MM-BSN: Self-Supervised Image Denoising for Real-World with Multi-Mask
based on Blind-Spot Network
- URL: http://arxiv.org/abs/2304.01598v3
- Date: Fri, 7 Apr 2023 09:31:51 GMT
- Title: MM-BSN: Self-Supervised Image Denoising for Real-World with Multi-Mask
based on Blind-Spot Network
- Authors: Dan Zhang, Fangfang Zhou, Yuwen Jiang and Zhengming Fu
- Abstract summary: In self-supervised image denoising, blind-spot network (BSN) is one of the most common methods.
We propose a multi-mask strategy using multiple convolutional kernels masked in different shapes to break the noise spatial correlation.

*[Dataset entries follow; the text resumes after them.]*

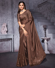 Vishal Prints Coffee Satin Saree With Stone-Diamond Work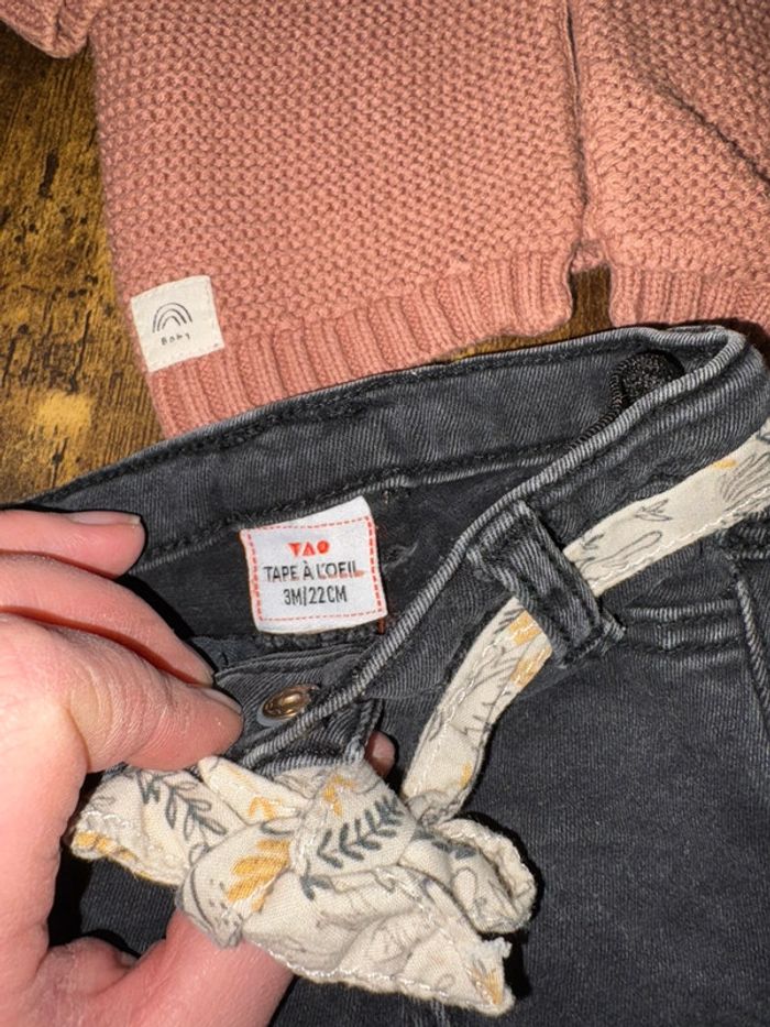 Ensemble avec jean noir et ceinture en tissu fleuri tape à l’œil + gilet à capuche en mailles la redoute Excellent état 🛍️D’autres vêtements 3m en vente: #orlanecollerie3mois
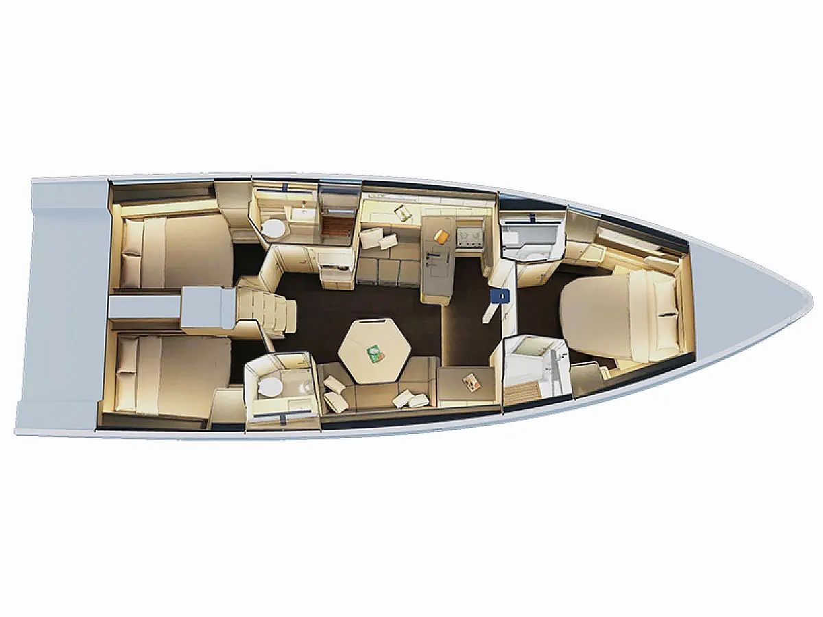 Autopilota, Busolla, GPS plotter, Tachimetro, Profondimetro, Carte nautiche, Stazione VHF, Radar, Anemometro, GPS plotter in pozzeto, Propulsore di prua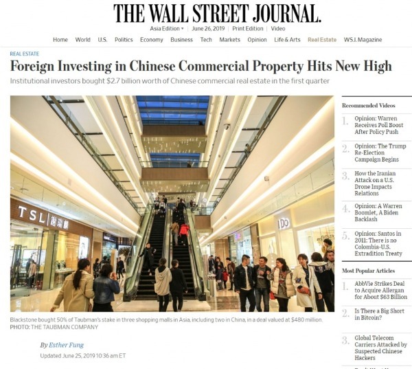 今年2月,全球著名投资机构黑石集团斥资4.8亿美元收购了塔博曼购物中心(Taubman Centers Inc.)三家亚洲购物中心50%的股权,其中两家在中国,一家在韩国。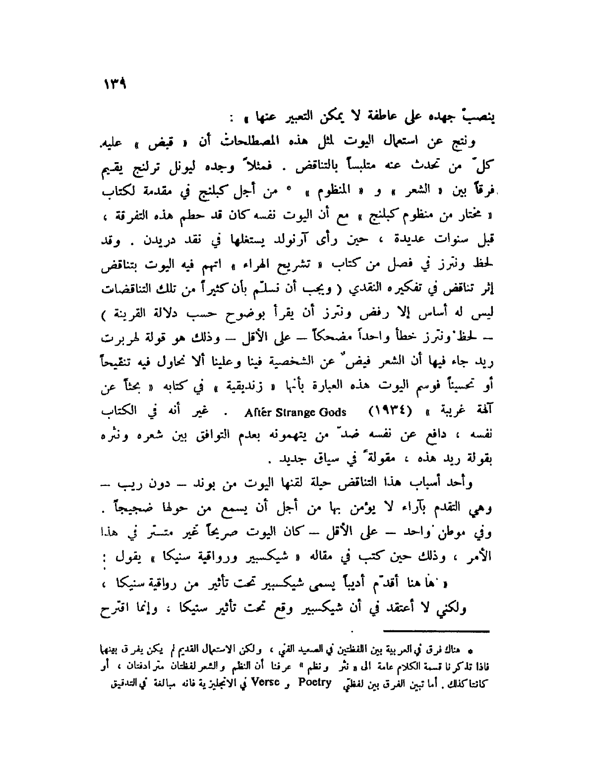 ونتج عن استعمال اليوت لمثل هذه المصطلحات أن " قبض " عليه كل من تحدث عنه متلبساً بالتناقض. فمثلاً وجده ليونل ترلنج يقيم فرقاً بين " الشعر " و " المنظوم " (1) من أجل كبلنج كان قد حطم هذه التفرقة، قبل سنوات عديدة، حين رآى آرنولد يستغلها في نقد دريدن. وقد لحظ ونترز في فصل من كتاب " تشريح الهراء " اتهم في اليوت بتناقض إثر تناقض في تفكيره النقدي (ويجب أن نسلم بأن كثيراً من تلك التناقضات ليس له أساس إلا رفض ونترز أن يقرأ بوضوح حسب دلالة القرينة) ؟ لحظ ونترز خطأ واحداً مضحكاً؟ على الأقل؟ وذلك هو قولة لهربرت ريد جاء فيها أن الشعر فيض عن الشخصية وفينا وعلينا ألا تحاول فيه تنقيحاً أو تحسيناً فوسم اليوت هذه العبارة بأنها " زنديقية " في كتابه " بحثاً عن آلهة غريبة " (1934) After Strange Gods. غير أنه في الكتاب نفسه، دافع عن نفسه ضد من يتهمونه بعدم التوافق بين شعره ونثره بقولة ريد هذه، مقولة في سياق جديد.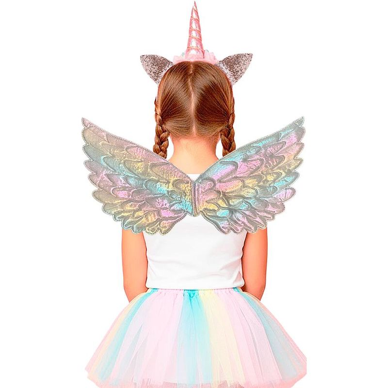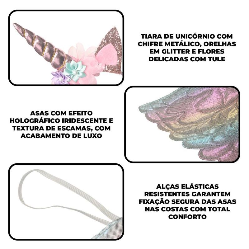 Transforme o dia da sua pequena em um mundo de magia com este encantador Kit de Acessórios de Unicórnio! Disponível nas deslumbrantes variações Colorido, Dourado e Prateado, este conjunto une brilho e sofisticação para festas de aniversário ou Carnaval. As asas possuem um efeito holográfico iridescente com textura de escamas, garantindo um visual de luxo e fixação segura através de alças elásticas confortáveis. A tiara exclusiva completa o visual com um chifre metálico, orelhas em glitter e delicadas flores de tule com pérolas, proporcionando um acabamento impecável em qualquer uma das cores escolhidas.Asas com efeito holográfico iridescente e textura de escamas Disponível nas cores: Colorido, Dourado e Prateado Tiara com chifre metálico, orelhas em glitter e flores de tule Alças elásticas resistentes que garantem fixação segura e conforto Material de alta qualidade com acabamento refinado de luxo Design leve e versátil para o uso prolongado em festas e eventos OBS: NÃO ACOMPANHA ROUPA E SAPATOS.
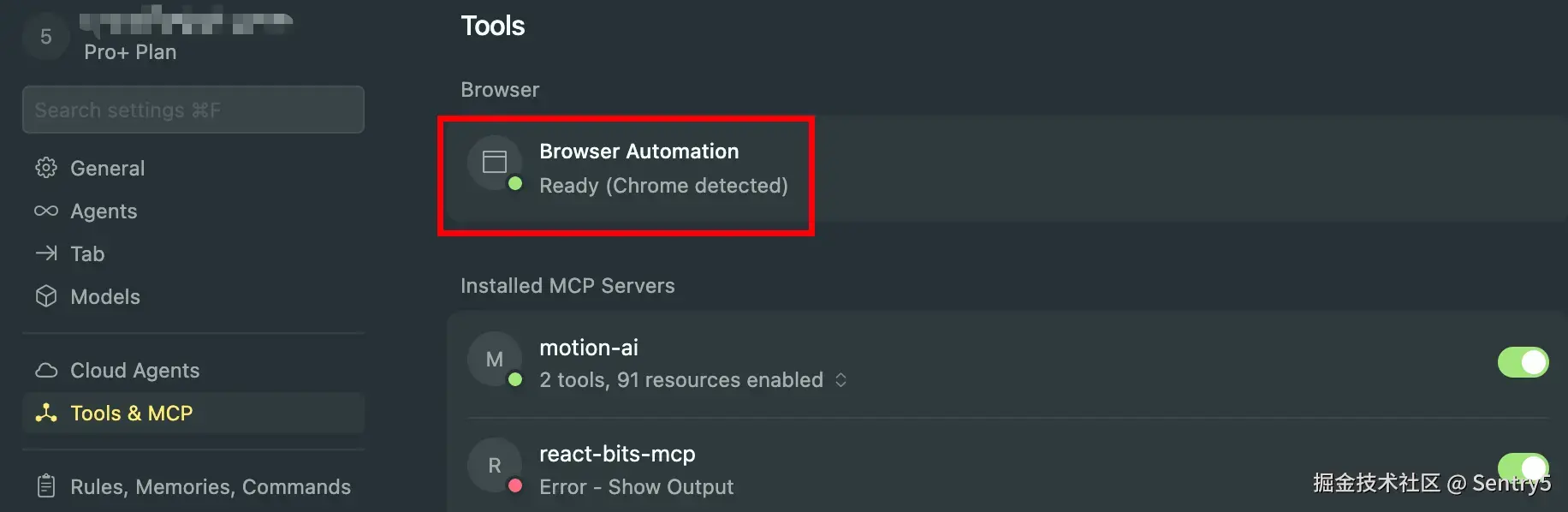 而此时,正是 MCP(Model Context Protocol)可大显身手的场景。 通过为 Cursor 配置浏览器 MCP 服务,我实现了工作流的质的飞跃:
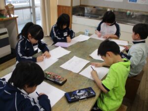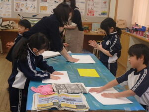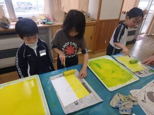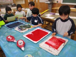 1年生 図画工作科 黒部市美術館出前授業 2026年1月21日 1年生 1月20日(火)に、黒部市美術館の講師の先生2名をお招きして、「スチレンボード版画」を製作しました。スチレンボードに鉛筆で絵を描いてへこみを作り、選んだ色をボードに付けて画用紙に写しました。ローラーにインクを付けて転がす作業を、とても楽しそうに行っていました。1つ1つの作業を丁寧に行い、それぞれ素敵な作品が出来上がりました。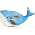 Baleine bleue. Une jolie petite baleine en bois, à poseer pour compléter une décoration marine. La nageoire sur le côté est en métal, aspect rouille.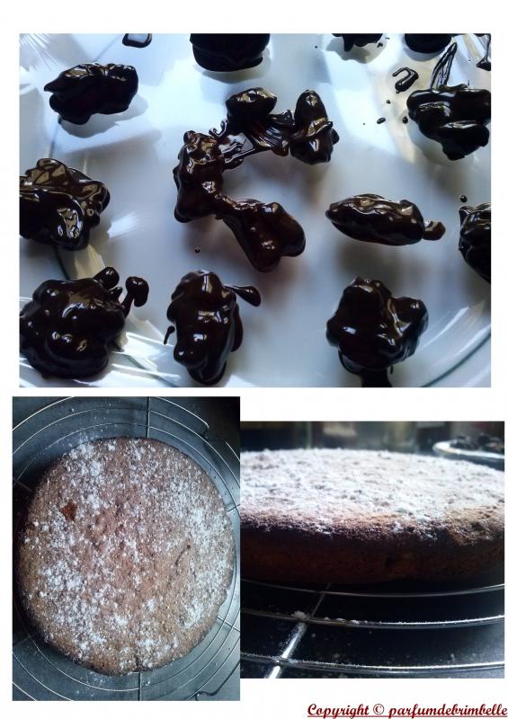 Comme vous voyez 'ai utilisé un moule Charlotte pour changer un peu Quant à sa compsition la voilà: Composition ingrédients 60 g de chocolat 70% 200 g de farine T65 180g de beurre fondu 4 oeufs 180 g de sucre roux 1 cc de levure chimique 1 c c de gingembre moulu Le même travail que pour un quatre-quart. Faire fondre au bain-marie cholocat et beurre. Dans un saladier fouettez oeufs et sucre, puis ajoutez la farine, la levure, bien mélangez . Puis le mélange choco-beurre et le gingembre. Beurrez et farinez votre moule. Cuisson 180°C pendant 40 minutes Quant aux gourmands , gourmandes on laisse refroidir.

We show that different masks can cause significant performance differences, and the proposed MM-BSN can efficiently fuse the features extracted by multi-masked layers.
- Score: 2.8376287904582176
- License: http://creativecommons.org/licenses/by/4.0/
- Abstract: Recent advances in deep learning have been pushing image denoising techniques
to a new level. In self-supervised image denoising, blind-spot network (BSN) is
one of the most common methods. However, most of the existing BSN algorithms
use a dot-based central mask, which is recognized as inefficient for images
with large-scale spatially correlated noise. In this paper, we give the
definition of large-noise and propose a multi-mask strategy using multiple
convolutional kernels masked in different shapes to further break the noise
spatial correlation. Furthermore, we propose a novel self-supervised image
denoising method that combines the multi-mask strategy with BSN (MM-BSN). We
show that different masks can cause significant performance differences, and
the proposed MM-BSN can efficiently fuse the features extracted by multi-masked
layers, while recovering the texture structures destroyed by multi-masking and
information transmission. Our MM-BSN can be used to address the problem of
large-noise denoising, which cannot be efficiently handled by other BSN
methods. Extensive experiments on public real-world datasets demonstrate that
the proposed MM-BSN achieves state-of-the-art performance among self-supervised
and even unpaired image denoising methods for sRGB images denoising, without
any labelling effort or prior knowledge. Code can be found in
https://github.com/dannie125/MM-BSN.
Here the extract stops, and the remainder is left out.